We blogged yesterday on the lawless re-write of corporate tax law by Secretary of the Treasury Jack Lew that led to the abandonment of a merger of Pfizer and the Ireland-based Allergan.

The Treasury issued new rules that made it harder for companies to remain competitive by merging with foreign companies to escape crippling U.S. corporate tax rate. Allergan shares (held by many American funds and individuals) plummeted on the announcement of the new rules, even though Pfizer will have to fork over a $150 million break-up fee to Allergan. It looks like a lose-lose for everybody.  

So a Wall Street Journal editorial that takes note of the "candid reaction" of Pfizer CEO Ian Read to the administration's actions is especially interesting:

Pfizer CEO Ian Read defends the company’s planned merger in an op-ed nearby, and his larger point about capricious political power helps explain the economic malaise of the last seven years. “If the rules can be changed arbitrarily and applied retroactively, how can any U.S. company engage in the long-term investment planning necessary to compete,” Mr. Read writes. “The new ‘rules’ show that there are no set rules. Political dogma is the only rule.”

He’s right, as every CEO we know will admit privately. This politicization has spread across most of the economy during the Obama years, as regulators rewrite longstanding interpretations of longstanding laws in order to achieve the policy goals they can’t or won’t negotiate with Congress. Telecoms, consumer finance, for-profit education, carbon energy, auto lending, auto-fuel economy, truck emissions, home mortgages, health care and so much more.

Capital investment in this recovery has been disappointingly low, and one major reason is political intrusion into every corner of business decision-making.

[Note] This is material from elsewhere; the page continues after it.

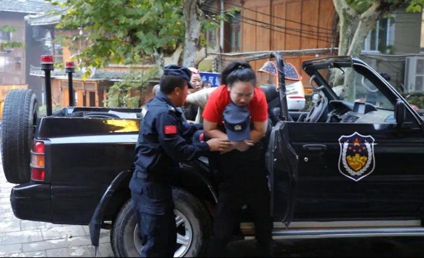 10月4日,前来西江景区旅游的一名女子突发疾病,脸色苍白,呼吸困难,身体状况十分危险,雷山县公安局执勤民警用警车充当救护车,将该女子急送医院救治。

To adapt Mr. Read, the only rule is that the rules are whatever the Obama Administration wants them to be. The results have been slow growth, small wage gains, and a growing sense that there is no legal restraint on the political class.

The Journal observed that many CEOs remain mum about government policies in the Age of Obama, remembering  that J.P. Morgan faced punishment after Morgan's Jamie Dimond spoke out against some parts of Dodd-Frank. Glad Mr. Read is speaking up.

Americans need to know that slow growth and small wage gains are the price we pay for the Obama administration's capricious pursuit of its political ends through regulation.